I Guess
Thursday. Lunch down the way near Jack London Square after a visit to Beverages and More where MRE bought a package (packet) of English tea, he being an Englishman and requiring such to keep his demons at a distance. Coffee doesn't seem to do the trick, neither does Chinese tea, for some odd reason, but English tea is required to survive the day. Interesting. That's there anything out there at all that allows you to survive the day, let alone something that comes in a box for less than $10.
I received a copy of David Talbot's BROTHERS - The Hidden History of the Kennedy Years today from Amazon. I read a portion of it describing Robert Kennedy's thoughts and actions just after the assassination of his brother on Salon.com, which made me want to read more. Talbot, by the way, was both founder and founding editor of Salon.
Everyone remembers where they were, if they were, when John Kennedy was killed. I also remember where I was when I learned Robert Kennedy was dead in California (in the army, stationed in Korea, standing outside the Camp Casey PX; hearing it from a young soldier who stopped me as I entered and asked if I'd heard.)
There are many many theories about the assassination of John F. Kennedy and I've always assumed you and I will never know in this life the who or why. In reading the excerpt from Talbot's book I realized more clearly what might have been possible had Robert Kennedy become President, what might have been uncovered if he'd been able to launch an investigation as President of the United States. The excerpt indicated Robert Kennedy thought it was a rogue anti-Castro group inside the CIA working with the mafia, although he'd assumed he himself would have been the more likely target.
Jack Ruby, who shot Oswald, was evidently an enforcer for Sam Giancana and had received money at various times from Jimmy Hoffa, the union boss and mafia ally Robert Kennedy was after in his role as Attorney General. The CIA had enlisted the help of Giancana during this period in its various attempts to kill Castro, all this while the FBI, which reported to the Attorney General, was headed by J. Edgar Hoover who believed the mafia didn't exist.

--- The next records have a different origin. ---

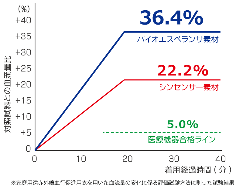 この改正を受け、山本化学工業が開発したのが、「シンセンサー素材」と「バイオエスペランサ素材」です。この2種類の素材を使用したウェア(長袖長パンツ)で、令和4年10 月14 日事務連絡の「家庭用遠赤外線血行促進用衣自主基準」に基づいて臨床試験を実施しました。
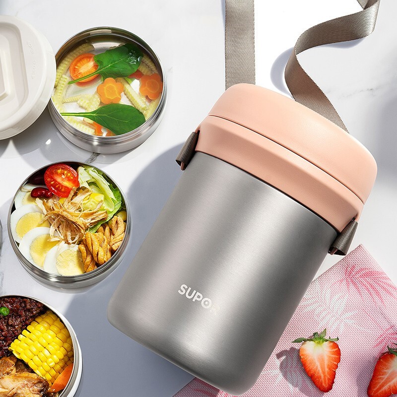 苏泊尔(SUPOR)便当盒保温饭盒保温桶真空密封提锅304不锈钢保温桶2.0L KF20AC10樱草粉 6950885586219
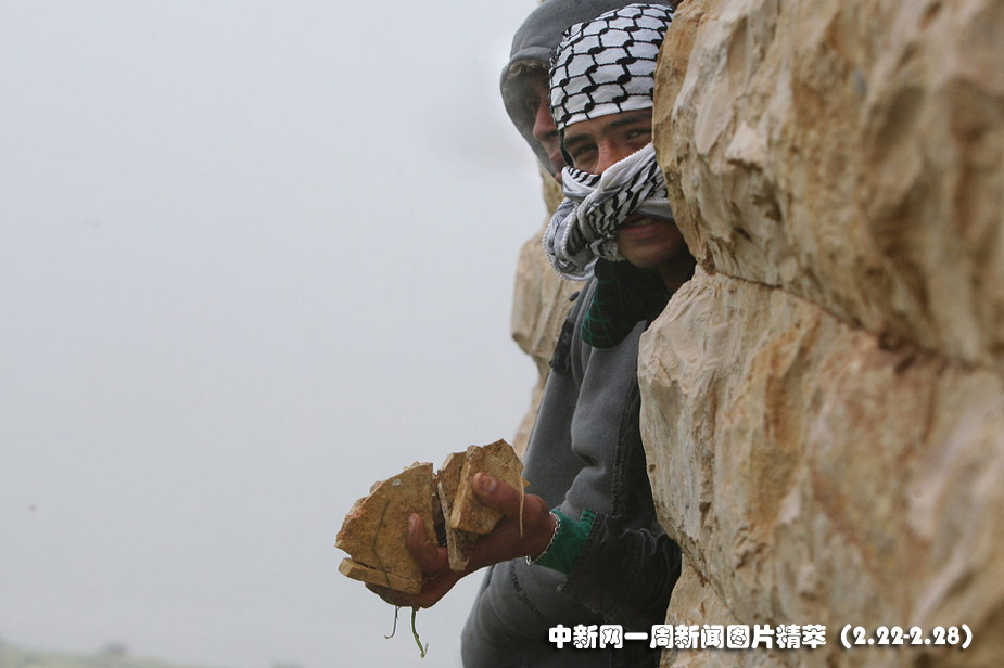 26日(周五),約旦河西岸,幾名巴勒斯坦青年準備向以色列士兵投擲石塊。
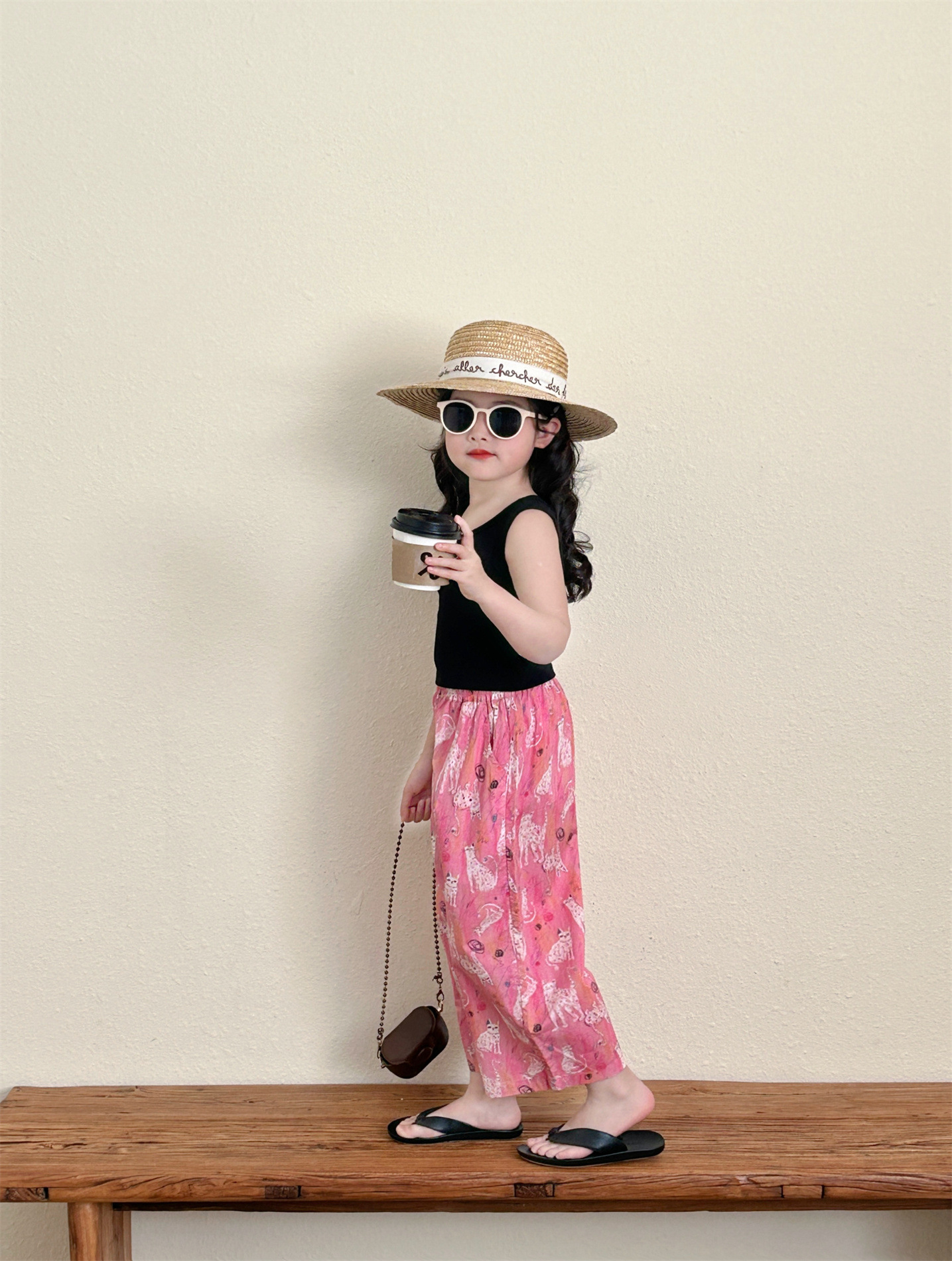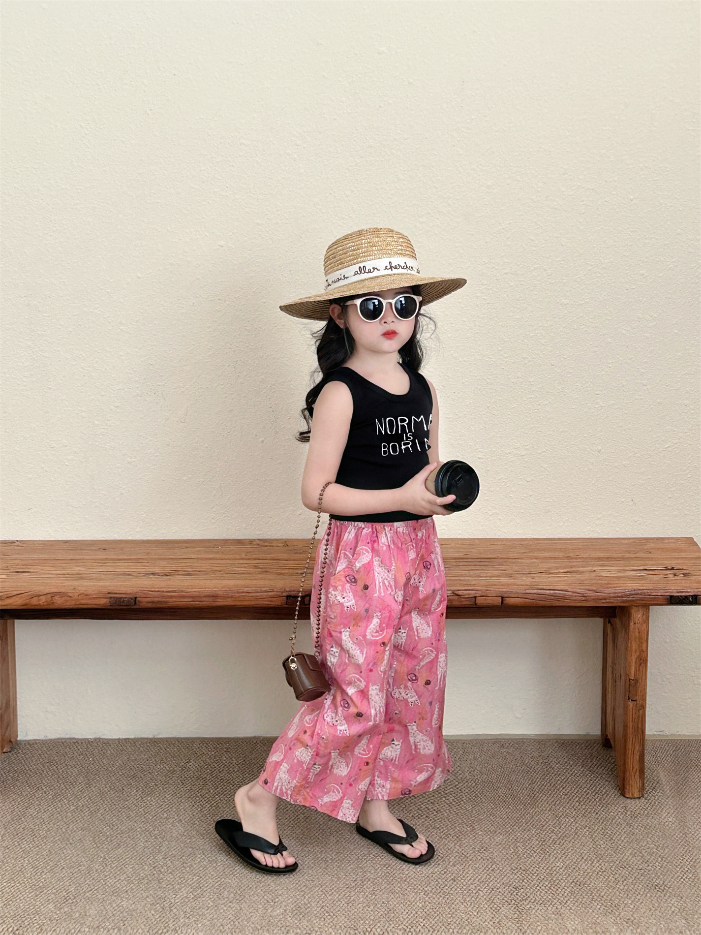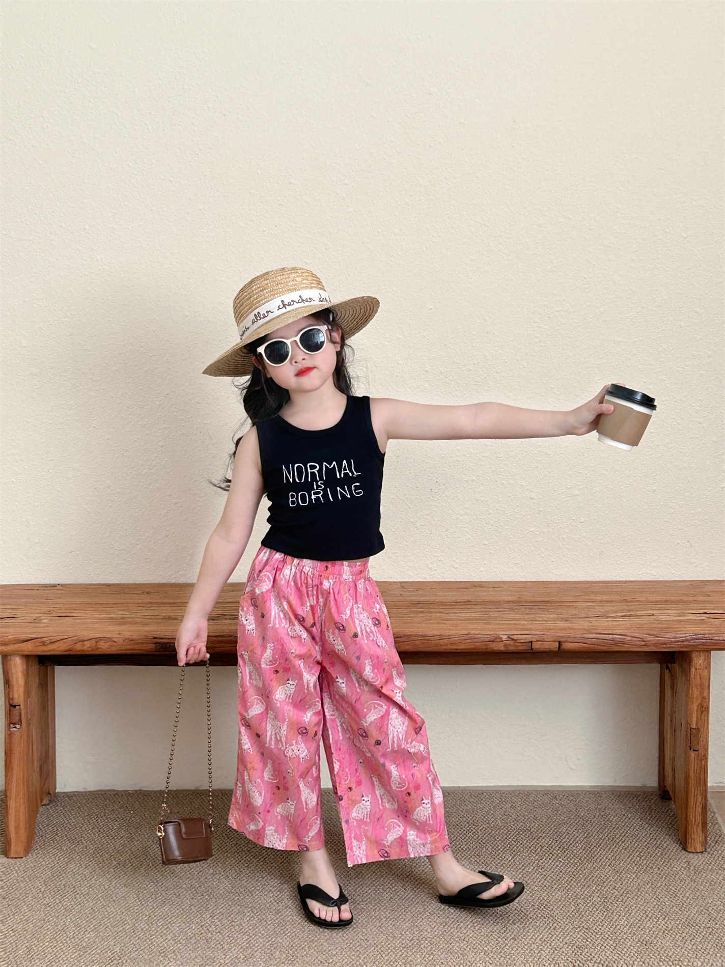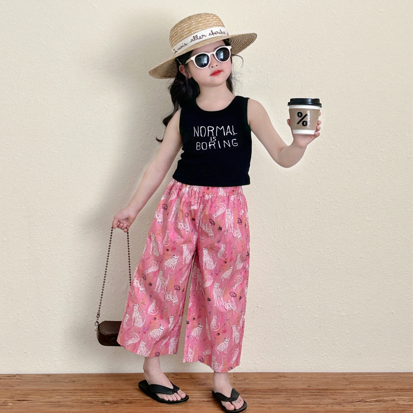 어린이 편지 조끼 2025 여름 새로운 소년과 소녀 모든 경기 간단한 면화 조끼 아기 민소매 탑

My model of the universe doesn't include an idea that you can really “know” the “truth” about anything: the reasons for, the relevant chain of events that resulted in whatever it is you're trying to understand, this being particularly true when your information comes third hand through the press. This applies to matters large and small. Big time power plays with its gloves off, plays at times, from what little I see in my myopic condition, with unimaginable passion and viciousness. The national political scene the Kennedys entered was evidently a zoo without cages: tooth and claw, ego and greed, sugar coated (God, flag and country) to make it palatable.
Believing you “can't really know” a thing doesn't mean you don't try. (I repeat this to myself, to myself, to myself.) The more you hear “this information is privileged” or “we need to keep this from the people to protect the national interest” you know you're in trouble. The “national interest” is too often partisan interest, personal interest, a cover for whatever criminal or embarrassing item you're trying to take out of the cookie jar.

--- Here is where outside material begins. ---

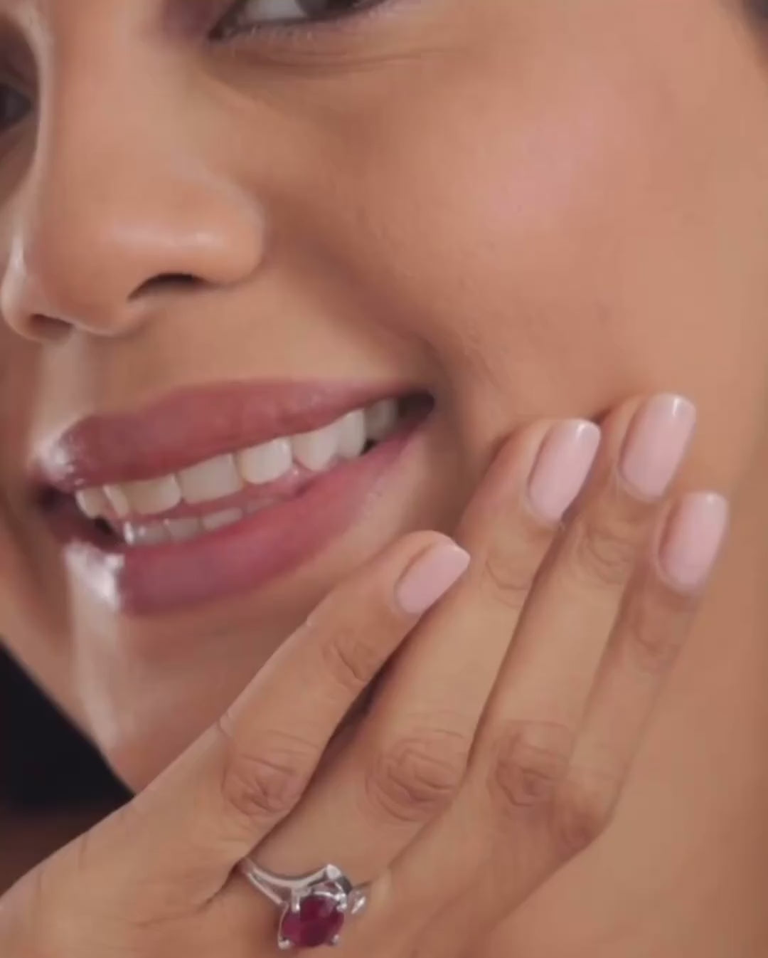 Pure and captivating, our ruby ring is a tribute to the timeless allure of this precious gemstone. Set in 925 sterling silver, the ruby—known as Ratnaraj, or 'King of Gems'—boasts rich crimson shades with soft pink undertones. Its emotional resonance and bold beauty make it truly unique. Crafted to touch your skin, this ring delivers unparalleled astrological benefits with 100% authentic ruby brilliance.

The thing that gives me heart is yes, things are bad, but they've always been bad. I was in high school when Kennedy was elected. Did I see in him the end all and be all of all things President? I bought into his support for South Vietnam and his initial deployment of forces to support their government, but then I went to college and took Political Science courses that examined recent Vietnamese history and realized (most keenly, I must admit, when the draft board called) Vietnam wasn't as advertised. The publication of the Pentagon Papers was similarly instructive.
So, later in life, sitting here pontificating, I tell myself I see a dim, but somewhat clearer picture of the national stage in the Land of the Free and the Home of the Brave and, although I'm happy to think it less corrupt than most alternatives, it's still a pretty brutal playing field. The Kennedys believed John F. Kennedy was killed by powerful groups within the United States: elements of anti-Castro Cubans in Miami allied with the mafia and groups within the CIA. True or not, you have to give pause when you hear the Kennedy family held that belief (or, at least, from reading the beginning of Talbot's book, that's what I'm hearing him say). You have to seriously entertain the idea it's true and, for whatever reason, no one in power has ever been willing to really examine the question. Puts Karl Rove and his “you're a traitor if you don't fall in line” political operations in perspective. A “Swift Boat” blitz of John Kerry still falls short of having him killed.
You still sure you want to read this book?
I'll know pretty quick. It's sitting on my bed next to the book case filled with other books like it I've cracked for a couple of chapters and then put aside. Some things never change, I guess.